Все мы юношами вспыхивали, — продолжает Пастернак, — при виде безнаказанно торжествовавшей низости, втаптывания в грязь человека человеком, поругания женской чести. Однако как быстро проходила эта горячка.
Но каких безмерных последствий достигают, когда, не изменив ни разу в жизни огню этого негодования, проходят до конца мимо всех видов мелкой жалости по отдельным поводам к общей цели устранения всего извращения в целом и установления порядка, в котором это зло было бы немыслимо, невозникаемо, неповторимо![274]
Это вновь как в стихах:
Здесь проходит тонкая смычка поэта Пастернака и большевика-ленинца Бухарина. Ведь Пастернак искренно верил в то, что их революционные порывы выросли именно из жажды рыцарства и справедливости. В черновиках романа «Доктор Живаго» есть слова, посвященные таким революционерам: «Как он любил всегда этих людей, убеждения и дела, фанатиков революции и религии! И как никогда, никогда не задавался целью уподобиться им и последовать за ними»[275].
Вот в чем дело. Он и его любимый герой Живаго, не имеющий сил изменить ход вещей, наблюдающий за движением стихии, стремится к недосягаемому Идеалу (потому Живаго и уважает Стрельникова, за подобное стремление к Идеалу), и хотя стихия сминает Живаго, но она бессильна уничтожить его дух. Пастернак и Живаго в противоположность великому хаосу способны в одиночку выходить на подмостки истории; для них остается абсолютной — личная свобода, ответственность, совесть, раскаяние.
Но верил ли Пастернак, когда писал эти строки Фадееву, в то, что «зло невозникаемо, немыслимо, неповторимо, когда проходишь к общей цели, не замечая всех видов мелкой жалости?» Да, в момент общей экзальтации, переживаемой всей страной, он, безусловно попадал в ее огромное энергетическое поле. Вместе со всеми был оглушен общим горем. И как поэт был увлечен дописыванием последних черт Великой Утопии, Великого Проекта, который, как он, безусловно, понимал, заканчивался вместе со смертью Сталина.
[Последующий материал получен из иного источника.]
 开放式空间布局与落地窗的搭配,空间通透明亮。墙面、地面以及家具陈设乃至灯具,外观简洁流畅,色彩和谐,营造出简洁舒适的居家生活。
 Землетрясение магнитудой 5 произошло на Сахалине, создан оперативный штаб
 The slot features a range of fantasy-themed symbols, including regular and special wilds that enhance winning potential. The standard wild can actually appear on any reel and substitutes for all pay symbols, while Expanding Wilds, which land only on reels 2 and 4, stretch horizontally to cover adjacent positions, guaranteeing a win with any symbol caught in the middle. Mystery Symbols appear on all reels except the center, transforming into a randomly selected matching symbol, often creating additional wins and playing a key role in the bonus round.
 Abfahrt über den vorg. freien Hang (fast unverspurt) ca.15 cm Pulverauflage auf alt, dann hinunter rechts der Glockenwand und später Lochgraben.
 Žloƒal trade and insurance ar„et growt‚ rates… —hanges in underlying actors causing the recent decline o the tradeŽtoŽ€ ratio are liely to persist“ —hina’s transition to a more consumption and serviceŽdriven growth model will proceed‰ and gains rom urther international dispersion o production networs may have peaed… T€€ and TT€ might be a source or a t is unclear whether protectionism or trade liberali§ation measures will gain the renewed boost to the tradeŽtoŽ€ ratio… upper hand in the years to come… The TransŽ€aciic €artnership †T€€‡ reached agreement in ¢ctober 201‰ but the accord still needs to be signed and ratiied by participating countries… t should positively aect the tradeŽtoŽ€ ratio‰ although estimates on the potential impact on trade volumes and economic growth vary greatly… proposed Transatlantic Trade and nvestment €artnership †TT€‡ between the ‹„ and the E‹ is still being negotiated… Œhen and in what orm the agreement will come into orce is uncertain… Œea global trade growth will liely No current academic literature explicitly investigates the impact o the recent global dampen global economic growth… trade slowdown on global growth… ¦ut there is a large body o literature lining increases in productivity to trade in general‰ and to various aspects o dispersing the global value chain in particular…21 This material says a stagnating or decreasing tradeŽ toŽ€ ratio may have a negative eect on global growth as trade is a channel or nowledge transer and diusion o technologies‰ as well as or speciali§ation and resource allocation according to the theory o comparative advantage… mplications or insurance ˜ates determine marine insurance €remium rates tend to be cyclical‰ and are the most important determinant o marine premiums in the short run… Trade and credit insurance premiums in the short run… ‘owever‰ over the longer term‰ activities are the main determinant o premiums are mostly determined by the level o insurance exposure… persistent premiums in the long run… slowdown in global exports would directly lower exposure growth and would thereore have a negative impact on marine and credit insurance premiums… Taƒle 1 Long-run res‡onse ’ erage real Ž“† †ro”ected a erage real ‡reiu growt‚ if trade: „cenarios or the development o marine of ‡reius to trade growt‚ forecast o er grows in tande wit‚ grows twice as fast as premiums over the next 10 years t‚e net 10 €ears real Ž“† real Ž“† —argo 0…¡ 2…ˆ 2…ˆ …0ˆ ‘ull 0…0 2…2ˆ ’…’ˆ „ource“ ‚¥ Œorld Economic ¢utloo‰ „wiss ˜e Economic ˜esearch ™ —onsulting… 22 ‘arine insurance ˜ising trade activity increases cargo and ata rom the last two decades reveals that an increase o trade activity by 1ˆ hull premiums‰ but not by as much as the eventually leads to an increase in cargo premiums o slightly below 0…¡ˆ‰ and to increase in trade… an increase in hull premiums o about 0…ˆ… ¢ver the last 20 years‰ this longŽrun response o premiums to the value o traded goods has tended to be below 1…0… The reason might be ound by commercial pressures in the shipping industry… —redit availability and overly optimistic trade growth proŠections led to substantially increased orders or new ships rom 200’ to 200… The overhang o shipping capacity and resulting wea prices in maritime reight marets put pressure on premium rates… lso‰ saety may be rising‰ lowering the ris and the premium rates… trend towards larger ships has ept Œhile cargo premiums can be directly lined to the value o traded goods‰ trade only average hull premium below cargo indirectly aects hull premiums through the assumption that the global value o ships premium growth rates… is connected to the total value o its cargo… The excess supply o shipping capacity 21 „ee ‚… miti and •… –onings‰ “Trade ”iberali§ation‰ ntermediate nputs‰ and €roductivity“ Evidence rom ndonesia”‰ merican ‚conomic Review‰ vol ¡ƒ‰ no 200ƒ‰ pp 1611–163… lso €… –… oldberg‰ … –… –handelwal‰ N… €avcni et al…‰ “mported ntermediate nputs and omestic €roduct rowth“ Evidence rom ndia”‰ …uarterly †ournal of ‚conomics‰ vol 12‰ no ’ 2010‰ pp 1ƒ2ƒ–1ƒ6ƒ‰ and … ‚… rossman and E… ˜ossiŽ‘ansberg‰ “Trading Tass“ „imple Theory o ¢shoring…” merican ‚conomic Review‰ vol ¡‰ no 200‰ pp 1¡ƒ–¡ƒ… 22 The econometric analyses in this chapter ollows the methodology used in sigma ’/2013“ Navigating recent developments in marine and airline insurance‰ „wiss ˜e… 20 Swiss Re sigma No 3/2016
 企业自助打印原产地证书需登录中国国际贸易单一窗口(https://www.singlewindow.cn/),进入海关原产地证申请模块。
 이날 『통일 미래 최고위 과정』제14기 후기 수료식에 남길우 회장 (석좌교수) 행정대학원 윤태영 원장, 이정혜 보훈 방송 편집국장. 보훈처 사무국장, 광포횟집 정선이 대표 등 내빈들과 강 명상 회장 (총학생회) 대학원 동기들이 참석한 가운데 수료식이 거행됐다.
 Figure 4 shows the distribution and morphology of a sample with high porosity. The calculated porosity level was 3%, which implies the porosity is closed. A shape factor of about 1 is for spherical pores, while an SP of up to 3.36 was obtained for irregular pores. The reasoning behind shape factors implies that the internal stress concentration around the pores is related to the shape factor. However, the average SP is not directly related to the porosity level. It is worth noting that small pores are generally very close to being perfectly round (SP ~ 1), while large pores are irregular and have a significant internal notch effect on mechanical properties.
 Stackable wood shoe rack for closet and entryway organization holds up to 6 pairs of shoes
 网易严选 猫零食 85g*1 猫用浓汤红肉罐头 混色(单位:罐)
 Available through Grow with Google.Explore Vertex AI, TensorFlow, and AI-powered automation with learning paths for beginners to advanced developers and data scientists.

Даже в тот высокий момент Пастернаку все равно никуда было не деться от конкретного зла, которое шлейфом тянулось за титанической фигурой Сталина. Наверное, поэтому Пастернак и посылает это письмо именно Фадееву, а не кому-то из близких и друзей; с ним он может говорить о Сталине отвлеченно и в то же время доброжелательно, зная отношение Фадеева к вождю. Несмотря на глубокие рассуждения этого письма, нельзя не отметить, что Пастернак поддался, был подхвачен общей волной горя, но увидел все абсолютно по-своему.
В то же время нельзя отрицать, что между Пастернаком и Сталиным существовали невидимые узы, о чем уже много написано. Письма и личные просьбы Пастернака доходили до Сталина и иногда имели ответ. Возможно, Пастернак, как и многие из его окружения, не предполагал, что Сталин лично ответственен за террор; все-таки информация об этом стала доступной только после XX съезда, в понимании многих людей этого поколения, террор осуществляла безличная охранительная машина, сметающая все на своем ходу. А Сталин всякий раз умел убедить общество, что эта машина выходит из-под контроля, но он могучим движением останавливает ее на полном ходу.
И все-таки спустя только год в письме к Ольге Фрейденберг Пастернак напишет:
Не страдай за меня, пожалуйста, не думай, что я терплю несправедливость, что я недооценен. Удивительно, как уцелел я за те страшные годы. Уму непостижимо, что я себе позволял!! Судьба моя ело-жилась именно так, как я сам ее сложил. Я многое предвидел, а главное, я многого не в силах был принять, — я многое предвидел, но запасся терпением не на такой долгий срок, как нужно. И, как я писал тебе, время мое еще далеко[276].